Appeals by (1) the defendant Anthony White from a judgment of the Supreme Court, Kings County (Tomei, J.), rendered April 21, 2004, convicting him of falsifying business records in the first degree (eight counts) and conspiracy in the fifth degree, upon a jury verdict, and imposing sentence, (2) the defendant A & G Auto Dismantling, Inc., from a judgment of the same court also rendered April 21, 2004, convicting it of falsifying business records in the first degree (eight counts) and conspiracy in the fifth degree, upon a jury verdict, and imposing sentence, (3) the defendant George Kirschbaum from a judgment of the same court also rendered April 21, 2004, convicting him of falsifying business records in the first degree (five counts) and conspiracy in the fifth degree, upon a jury verdict, and imposing sentence, and (4) the defendant A-Best Used Auto Parts, Inc., from a judgment of the same court also rendered April 21, 2004, convicting it of falsifying business records in the first degree (five counts) and conspiracy in the fifth degree, upon a jury verdict, and imposing sentence.
Ordered that the judgments are reversed, on the law and as a matter of discretion in the interest of justice, and a new trial is ordered.
The defendant A & G Auto Dismantling, Inc., its president, the defendant Anthony White, the defendant A-Best Auto Parts, Inc., and its owner, the defendant George Kirschbaum, allegedly conspired, together with others (see People v Cioffi, 24 AD3d 793 [2005] [decided herewith]; People v F & S Auto Parts, Inc., 24 AD3d 795 [2005] *802[decided herewith]), to falsify various registers in order to facilitate the trafficking of stolen automobile parts. After a joint trial with the other alleged conspirators, the defendants were each convicted of conspiracy in the fifth degree, as well as numerous counts of falsifying business records in the first degree.
The defendants’ challenges to the legal sufficiency of the evidence are unpreserved for appellate review (see CPL 470.05 [2]; People v Gray, 86 NY2d 10 [1995]). In any event, viewing the evidence in the light most favorable to the prosecution (see People v Contes, 60 NY2d 620 [1983]), we find that it was legally sufficient to establish the defendants’ guilt beyond a reasonable doubt.
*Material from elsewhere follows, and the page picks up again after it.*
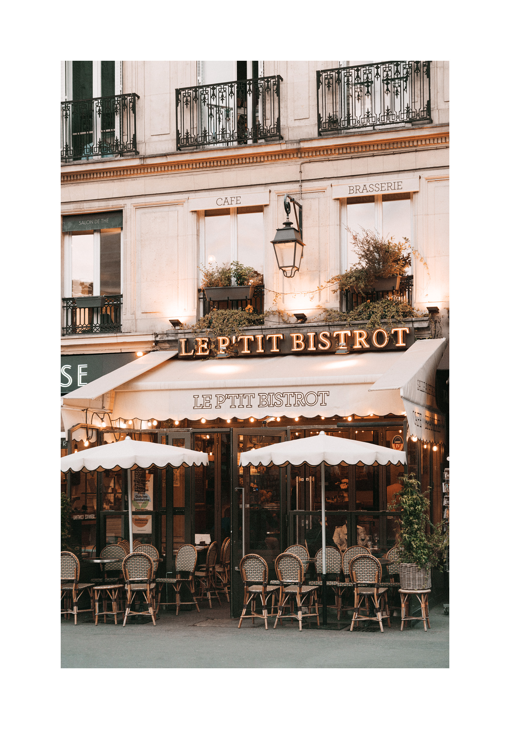 A print of a charming Parisian café with a cream awning, round tables, and woven chairs. Perfect wall art to bring a cosy French bistro vibe to your home.

Moreover, upon the exercise of our factual review power, we are satisfied that the verdicts of guilt were not against the weight of the evidence (see CPL 470.15 [5]).
However, as the plea allocutions of 15 codefendants were testimonial statements not subject to cross-examination, the trial court erred in admitting the allocutions (see Crawford v Washington, 541 US 36 [2004]; People v Douglas, 4 NY3d 777, 779 [2005]; People v Hardy, 4 NY3d 192, 198 [2005]). The defendants failed to preserve this issue for appellate review by specifically objecting that the admission of the plea allocutions violated their Sixth Amendment right to confront witnesses against them (see People v Bones, 17 AD3d 689 [2005], lv denied 5 NY3d 826 [2005]; People v Rojas, 15 AD3d 211, 212 [2005]). However, we reach this issue in the exercise of our interest of justice jurisdiction (see CPL 470.15 [6] [a]).
The People’s contention that the admission of the plea allocutions constituted harmless error is meritless. In opposing the defendants’ motion in limine to preclude admission of the pleas, the prosecutor characterized the allocutions, inter alia, as “essential,” “the most compelling evidence of the existence of a conspiracy,” and “the core to the case.” Moreover, the allocutions were referred to extensively during the prosecutor’s summation and thus, the error cannot be considered harmless beyond a reasonable doubt (see People v Hardy, supra at 199; People v Woods, 9 AD3d 293, 295 [2004]). The evidence of the defendants’ guilt was not so overwhelming that there is no reasonable possibility that the error influenced the jury (see People v Ryan, 17 AD3d 1, 6 [2005]; cf. People v Muhammad, 17 AD3d 139 [2005], lv denied 5 NY3d 792 [2005]; People v Rojas, supra at 212; People v Hopkins, 13 AD3d 303 [2004]; People v McBee, 8 AD3d 500 [2004]).
In light of our determination, we need not reach the defen*803dants’ remaining contentions. Adams, J.P., Krausman, Spolzino and Fisher, JJ., concur.